◆ EXERCISE REQUIREMENTS
Copy all lines below exactly as written. Leave pictures out.

◆ INFORMATION SUPPLIED

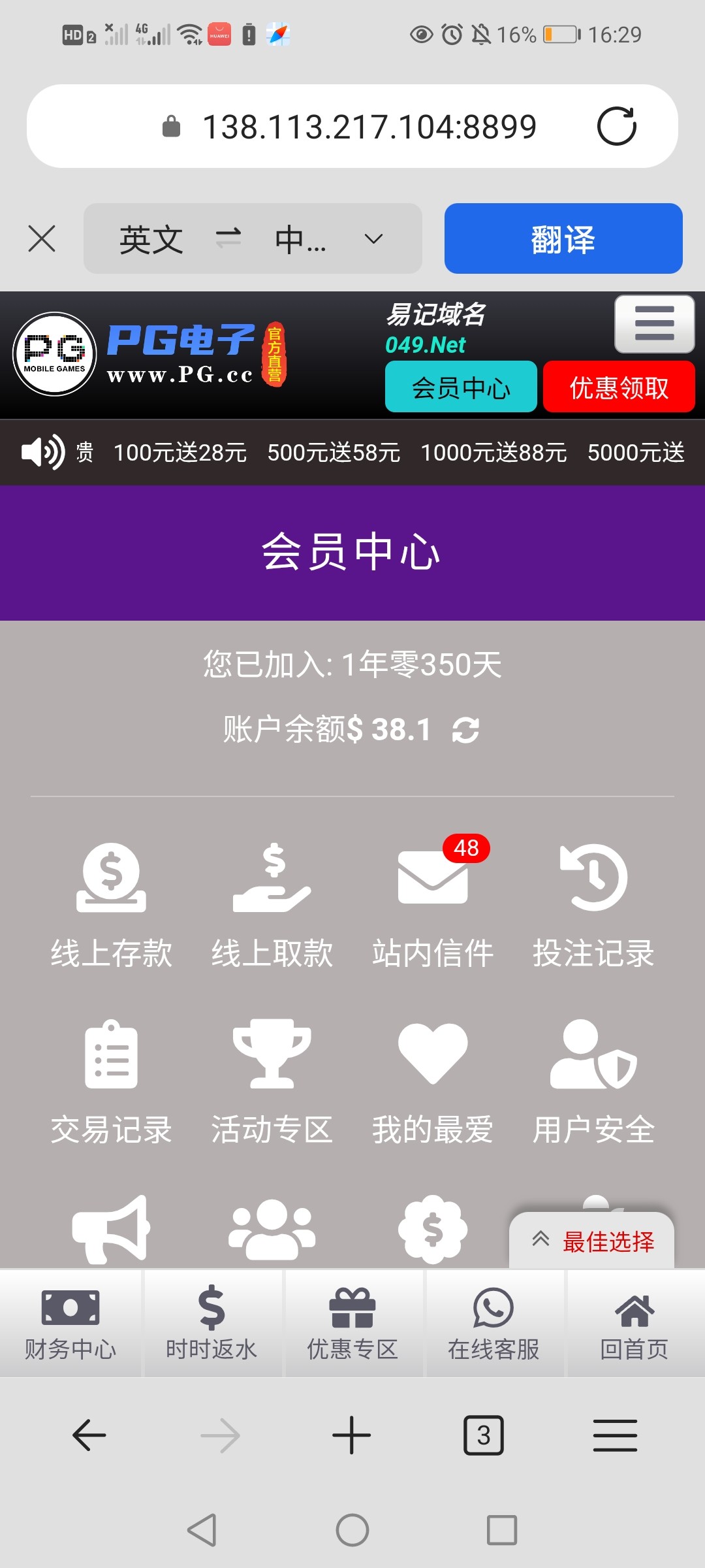 PG直营站電访彩金送38
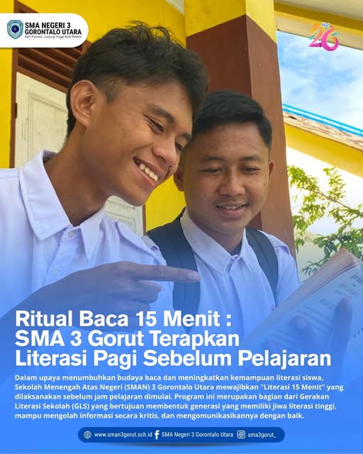 Dalam upaya menumbuhkan budaya baca dan meningkatkan kemampuan literasi siswa, SMA Negeri 3 Gorontalo Utara mewajibkan program “Literasi 15 Menit” yang dilaksanakan sebelum jam pelajaran dimulai. Program ini merupakan bagian dari Gerakan Literasi Sekolah (GLS) yang bertujuan membentuk generasi dengan jiwa literasi tinggi, mampu mengolah informasi secara kritis, serta mengomunikasikannya dengan baik. Program Literasi 15 […]
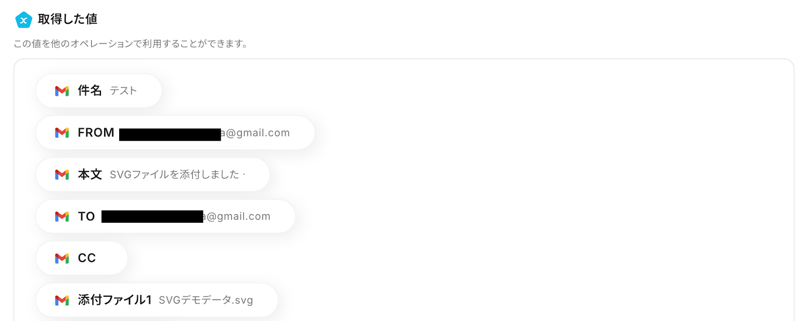 テストが成功すると、アウトプットを取得できます。ここで取得したアウトプットを、後のアクションで利用します。
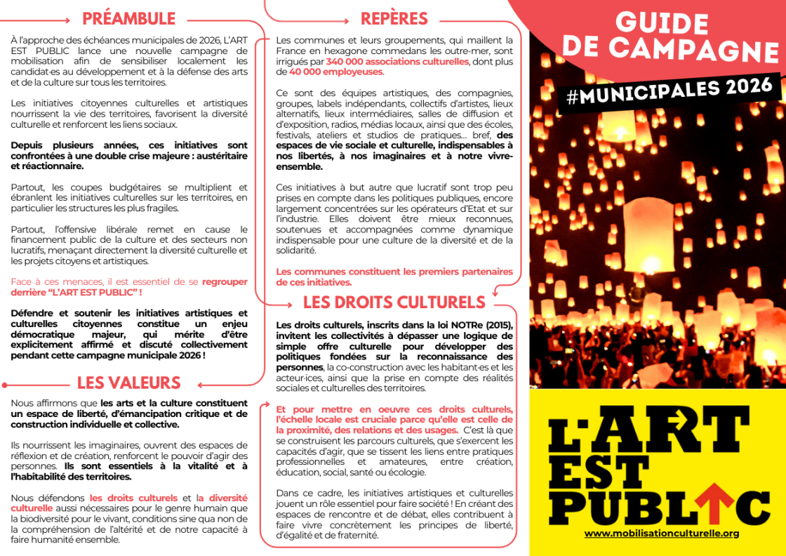 Le guide de campagne L'ART EST PUBLIC propose des repères et des idées d'action pour sensibiliser les candidat·es. Un dépliant facile à imprimer et à partager partout !

◆ ANSWER SPACE
 PG直营站電访彩金送38
 Dalam upaya menumbuhkan budaya baca dan meningkatkan kemampuan literasi siswa, SMA Negeri 3 Gorontalo Utara mewajibkan program “Literasi 15 Menit” yang dilaksanakan sebelum jam pelajaran dimulai. Program ini merupakan bagian dari Gerakan Literasi Sekolah (GLS) yang bertujuan membentuk generasi dengan jiwa literasi tinggi, mampu mengolah informasi secara kritis, serta mengomunikasikannya dengan baik. Program Literasi 15 […]
 テストが成功すると、アウトプットを取得できます。ここで取得したアウトプットを、後のアクションで利用します。
 Le guide de campagne L'ART EST PUBLIC propose des repères et des idées d'action pour sensibiliser les candidat·es. Un dépliant facile à imprimer et à partager partout !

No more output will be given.